| Records from a dataset |
━━━━━━━━━━━━━━━━━━━━
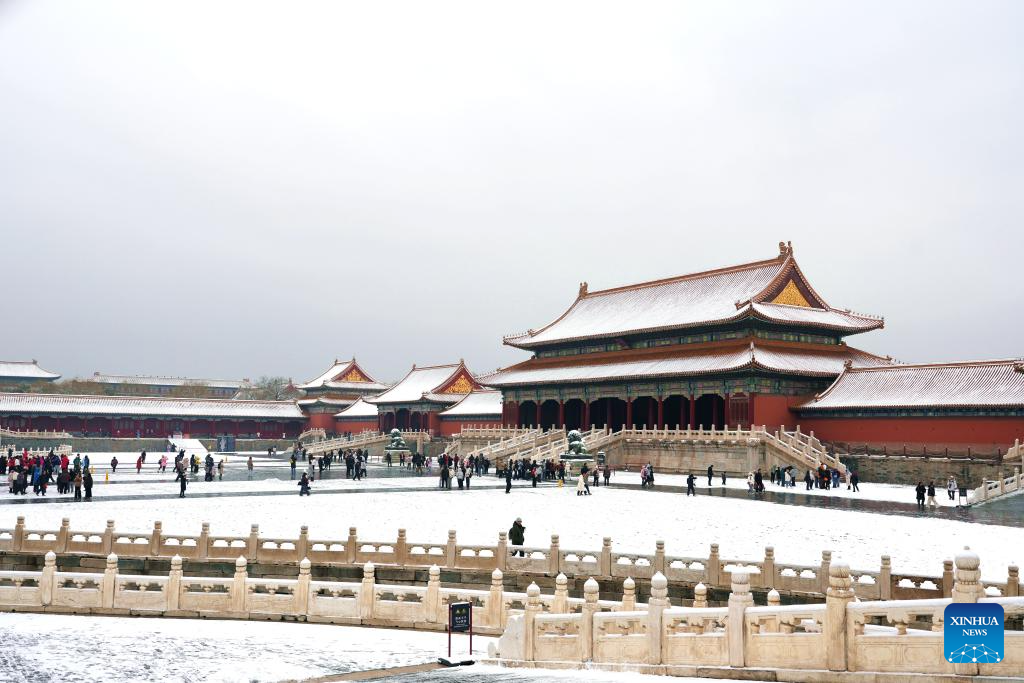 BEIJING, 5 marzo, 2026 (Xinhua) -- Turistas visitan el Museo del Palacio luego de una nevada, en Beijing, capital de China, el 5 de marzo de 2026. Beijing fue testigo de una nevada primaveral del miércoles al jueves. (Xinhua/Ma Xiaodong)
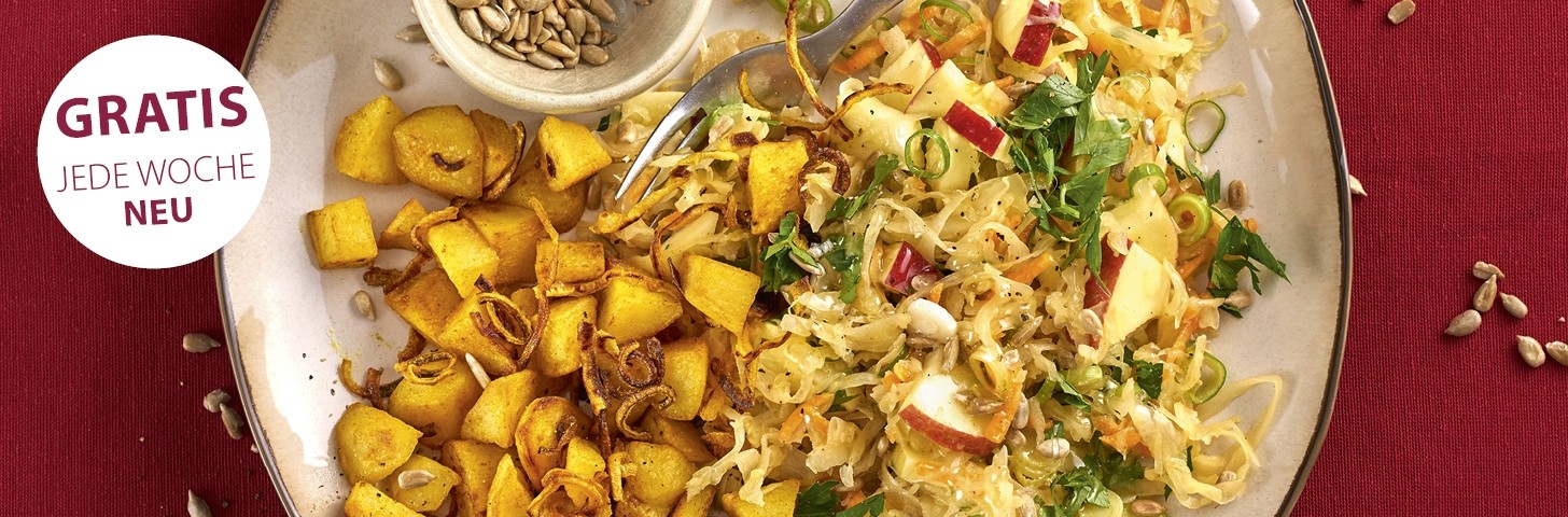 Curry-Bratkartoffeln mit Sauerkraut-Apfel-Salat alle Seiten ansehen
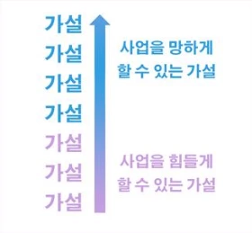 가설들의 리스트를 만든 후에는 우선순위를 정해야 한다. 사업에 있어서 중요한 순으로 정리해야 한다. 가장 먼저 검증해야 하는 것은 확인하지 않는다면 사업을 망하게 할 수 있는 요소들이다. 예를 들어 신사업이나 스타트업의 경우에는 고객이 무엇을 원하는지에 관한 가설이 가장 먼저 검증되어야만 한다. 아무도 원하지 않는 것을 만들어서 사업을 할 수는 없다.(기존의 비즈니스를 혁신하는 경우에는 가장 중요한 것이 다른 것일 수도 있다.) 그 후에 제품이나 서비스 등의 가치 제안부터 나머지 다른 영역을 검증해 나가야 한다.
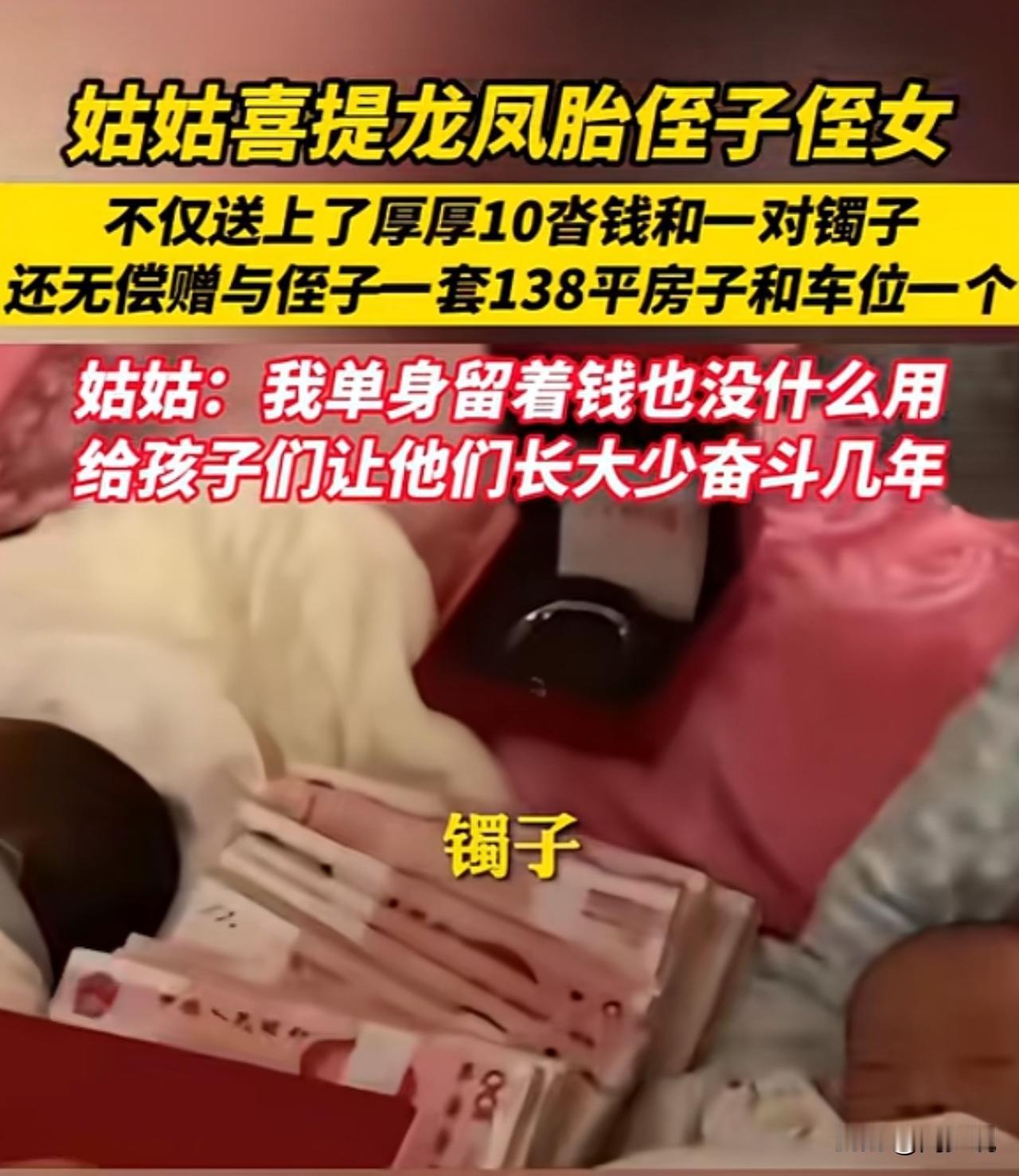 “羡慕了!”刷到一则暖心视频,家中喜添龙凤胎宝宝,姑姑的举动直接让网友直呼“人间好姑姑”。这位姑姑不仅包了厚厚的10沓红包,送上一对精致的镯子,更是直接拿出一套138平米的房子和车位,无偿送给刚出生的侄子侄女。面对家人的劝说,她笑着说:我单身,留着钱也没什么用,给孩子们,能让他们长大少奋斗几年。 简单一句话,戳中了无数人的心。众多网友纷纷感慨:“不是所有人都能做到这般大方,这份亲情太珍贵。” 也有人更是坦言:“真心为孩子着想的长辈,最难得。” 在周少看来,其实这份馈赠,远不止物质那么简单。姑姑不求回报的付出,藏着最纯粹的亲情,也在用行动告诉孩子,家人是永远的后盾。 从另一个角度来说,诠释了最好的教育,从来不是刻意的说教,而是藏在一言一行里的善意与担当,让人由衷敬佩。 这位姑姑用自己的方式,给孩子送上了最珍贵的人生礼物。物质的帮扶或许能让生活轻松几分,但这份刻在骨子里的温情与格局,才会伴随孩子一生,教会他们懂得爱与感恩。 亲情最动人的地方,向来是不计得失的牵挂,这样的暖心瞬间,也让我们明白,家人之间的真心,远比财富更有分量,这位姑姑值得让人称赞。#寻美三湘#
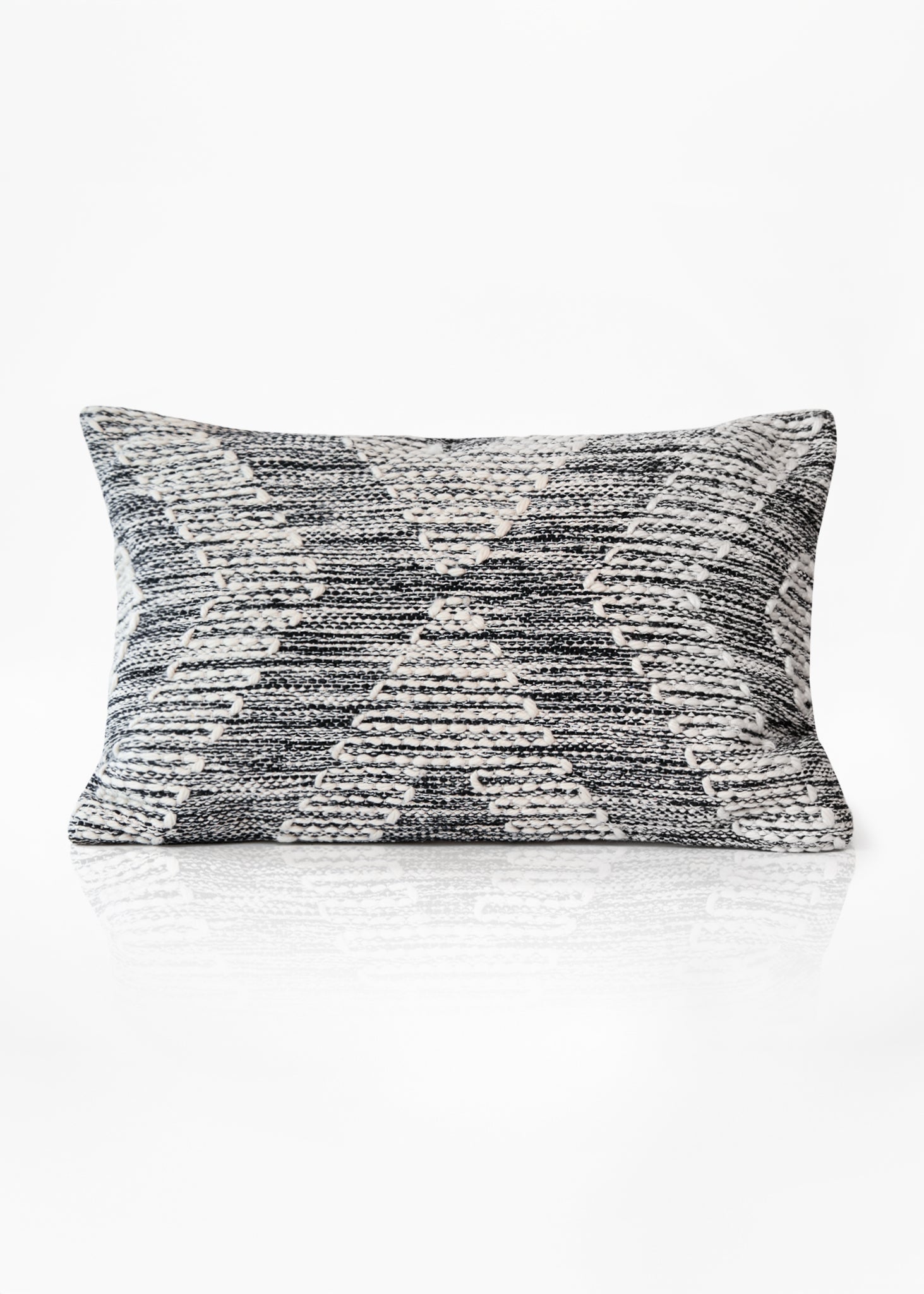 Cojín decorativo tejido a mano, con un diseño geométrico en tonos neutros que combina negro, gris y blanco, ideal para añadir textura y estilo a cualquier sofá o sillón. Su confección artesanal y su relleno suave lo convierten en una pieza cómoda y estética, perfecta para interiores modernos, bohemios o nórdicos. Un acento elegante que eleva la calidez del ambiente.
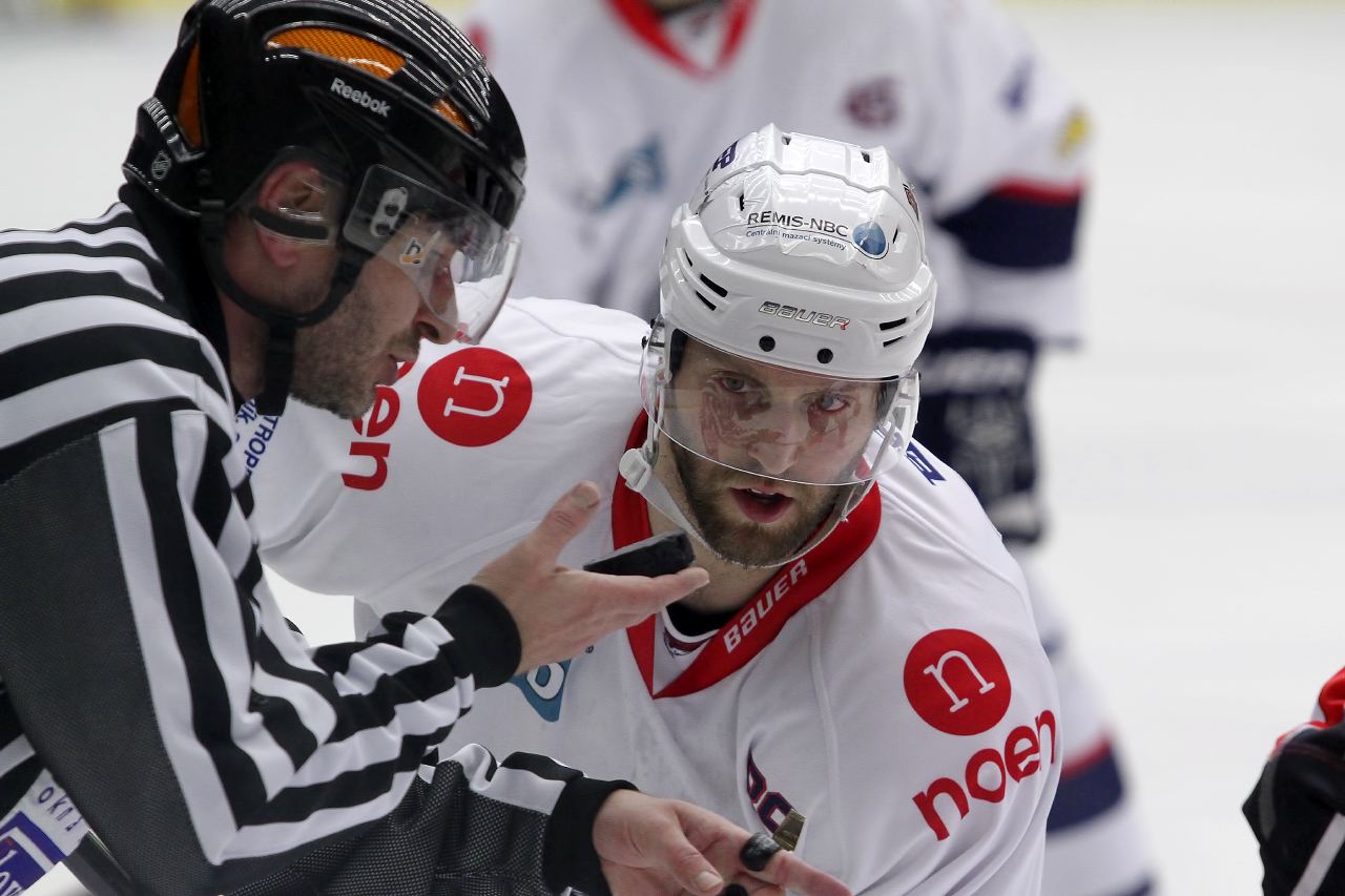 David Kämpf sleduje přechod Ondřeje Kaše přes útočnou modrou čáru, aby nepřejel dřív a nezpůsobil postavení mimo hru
━━━━━━━━━━━━━━━━━━━━
| WORK REQUIRED |
Please write out all of the data verbatim, with no pictures in the copy.

| ANSWER TO THE EXERCISE |
 BEIJING, 5 marzo, 2026 (Xinhua) -- Turistas visitan el Museo del Palacio luego de una nevada, en Beijing, capital de China, el 5 de marzo de 2026. Beijing fue testigo de una nevada primaveral del miércoles al jueves. (Xinhua/Ma Xiaodong)
 Curry-Bratkartoffeln mit Sauerkraut-Apfel-Salat alle Seiten ansehen
 가설들의 리스트를 만든 후에는 우선순위를 정해야 한다. 사업에 있어서 중요한 순으로 정리해야 한다. 가장 먼저 검증해야 하는 것은 확인하지 않는다면 사업을 망하게 할 수 있는 요소들이다. 예를 들어 신사업이나 스타트업의 경우에는 고객이 무엇을 원하는지에 관한 가설이 가장 먼저 검증되어야만 한다. 아무도 원하지 않는 것을 만들어서 사업을 할 수는 없다.(기존의 비즈니스를 혁신하는 경우에는 가장 중요한 것이 다른 것일 수도 있다.) 그 후에 제품이나 서비스 등의 가치 제안부터 나머지 다른 영역을 검증해 나가야 한다.
 “羡慕了!”刷到一则暖心视频,家中喜添龙凤胎宝宝,姑姑的举动直接让网友直呼“人间好姑姑”。这位姑姑不仅包了厚厚的10沓红包,送上一对精致的镯子,更是直接拿出一套138平米的房子和车位,无偿送给刚出生的侄子侄女。面对家人的劝说,她笑着说:我单身,留着钱也没什么用,给孩子们,能让他们长大少奋斗几年。 简单一句话,戳中了无数人的心。众多网友纷纷感慨:“不是所有人都能做到这般大方,这份亲情太珍贵。” 也有人更是坦言:“真心为孩子着想的长辈,最难得。” 在周少看来,其实这份馈赠,远不止物质那么简单。姑姑不求回报的付出,藏着最纯粹的亲情,也在用行动告诉孩子,家人是永远的后盾。 从另一个角度来说,诠释了最好的教育,从来不是刻意的说教,而是藏在一言一行里的善意与担当,让人由衷敬佩。 这位姑姑用自己的方式,给孩子送上了最珍贵的人生礼物。物质的帮扶或许能让生活轻松几分,但这份刻在骨子里的温情与格局,才会伴随孩子一生,教会他们懂得爱与感恩。 亲情最动人的地方,向来是不计得失的牵挂,这样的暖心瞬间,也让我们明白,家人之间的真心,远比财富更有分量,这位姑姑值得让人称赞。#寻美三湘#
 Cojín decorativo tejido a mano, con un diseño geométrico en tonos neutros que combina negro, gris y blanco, ideal para añadir textura y estilo a cualquier sofá o sillón. Su confección artesanal y su relleno suave lo convierten en una pieza cómoda y estética, perfecta para interiores modernos, bohemios o nórdicos. Un acento elegante que eleva la calidez del ambiente.
 David Kämpf sleduje přechod Ondřeje Kaše přes útočnou modrou čáru, aby nepřejel dřív a nezpůsobil postavení mimo hru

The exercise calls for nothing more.